Под общий смех мы вошли в квартиру. В глаза тут же бросились те трусы на кровати, которые Марьяна сняла, чтобы надеть дорогущие кружевные стринги.
Пришлось встать грудью на амбразуру, то есть закрыть срам собой, снять шубу и кинуть ее на постель, прикрыв труселя. Иньяр снял сапоги и пальто – хотя оно скорее было похоже на удлиненный пиджак, и сунул ноги в тапочки, которые я ему протянула.
Благодаря родственникам, которые раньше часто дарили их мне в надежде, что следом появится и тот, кто будет их носить, мужских тапок в моем доме столько, что хватит на роту солдат.
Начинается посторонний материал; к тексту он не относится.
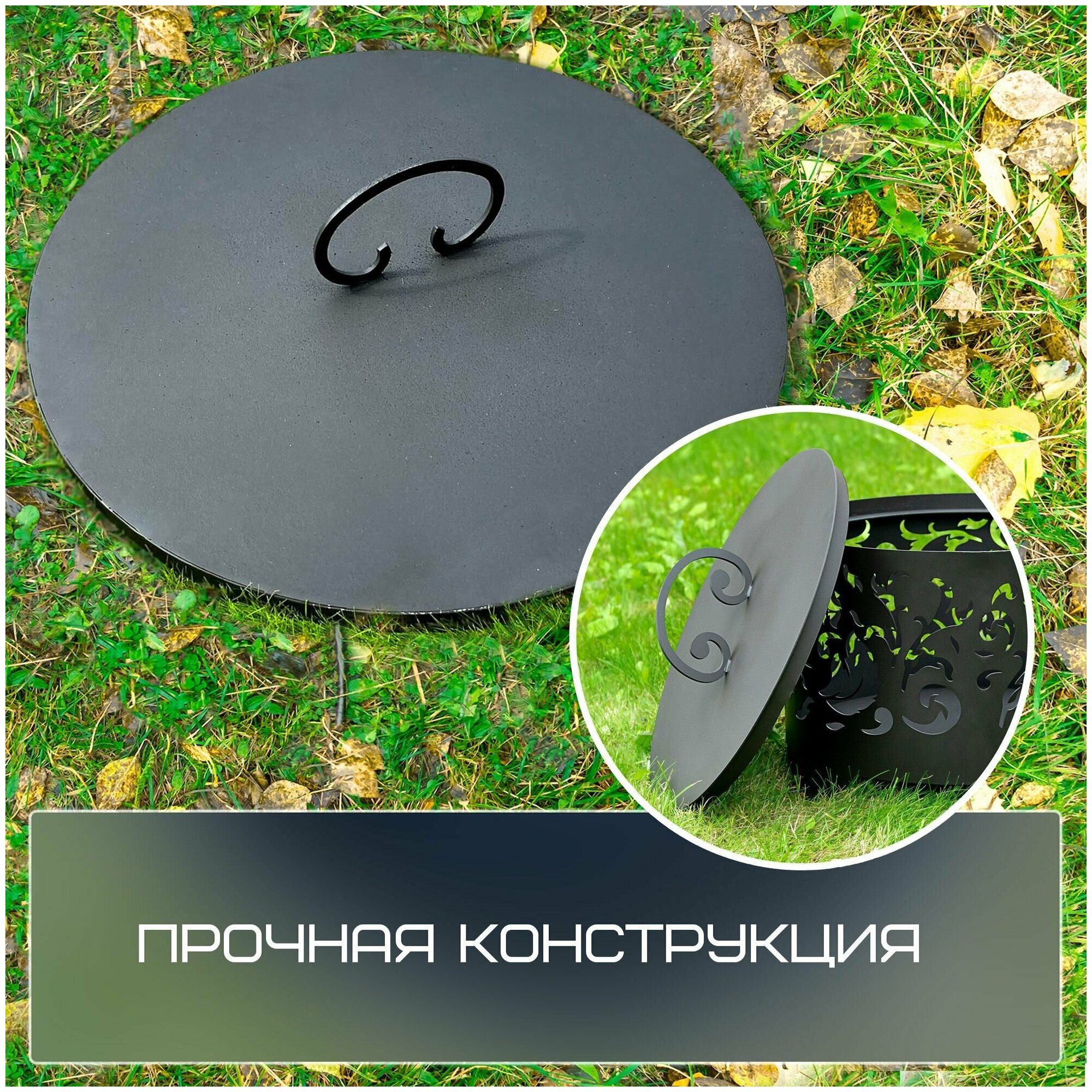Костровая чаша Ажурная диаметр 60 см с крышкой пламегасителем, на трубчатых ножках / Чаша для костра FIRE-HOUSE интересное:

Видимо, родные хотели, чтобы Марьяна завела гарем.
- Садитесь, - я указала гостю на кресло и, пока он располагался, ловко подхватила шубу вместе с трусами и утащила из комнаты.
Вернулась с аптечкой. Открыла. Н-да, медсестра из меня не выйдет. Скукожившийся пластырь, который, судя по виду, помнил еще прошлый век, зеленка, но-шпа, смекта, средство от запора и от поноса. И упаковка Алка-зельцера. Такое ощущение, что здесь не молодая женщина живет, а какой-то алкоголик, у которого иногда сбоит кишечник.
Я покосилась на Иньяра - он с улыбкой осматривал мою комнату, захлопнула аптечку и пошла другим путем. Есть водка – спасибо празднику, и салфетки. Вполне достаточно.
- Будет больно, - предупредила я, встав между его широко расставленных коленей.
- Потерплю, - «пациент» снова ухмыльнулся.
Намоченной в водке салфеткой обрабатывать, собственно, было и нечего – на скуле имелась легкая ссадина, такие проходят сами по себе за день-два и воспалиться могут, только если на них каких-нибудь бактерий ведро специально насыпать. Но я все же усердно ее «полечила», сохраняя серьезное выражение лица.
А потом мой взгляд встретился с темными, почти черными глазами Иньяра, которые внимательно следили за мной. Сердце ухнуло куда-то вниз. Клянусь, я слышала, как оно шмякнулось на пол. Он прекрасно понимал, зачем одинокая женщина пригласила его к себе. И явно был намерен удовлетворить ее, э-э, ожидания.
Сильные руки прижали меня к крепкому мужскому телу. Сбегать поздно. Иньяр молча смотрел в мое лицо. Поправил прядь волос, отодвинув ее от щеки. Большим пальцем обвел рот по контуру и нежно поцеловал.
Если до этого у меня еще имелись сомнения, то после соприкосновения губ все они улетучились, прихватив с собой совесть, доводы разума и остатки изрядно потрепанной порядочности.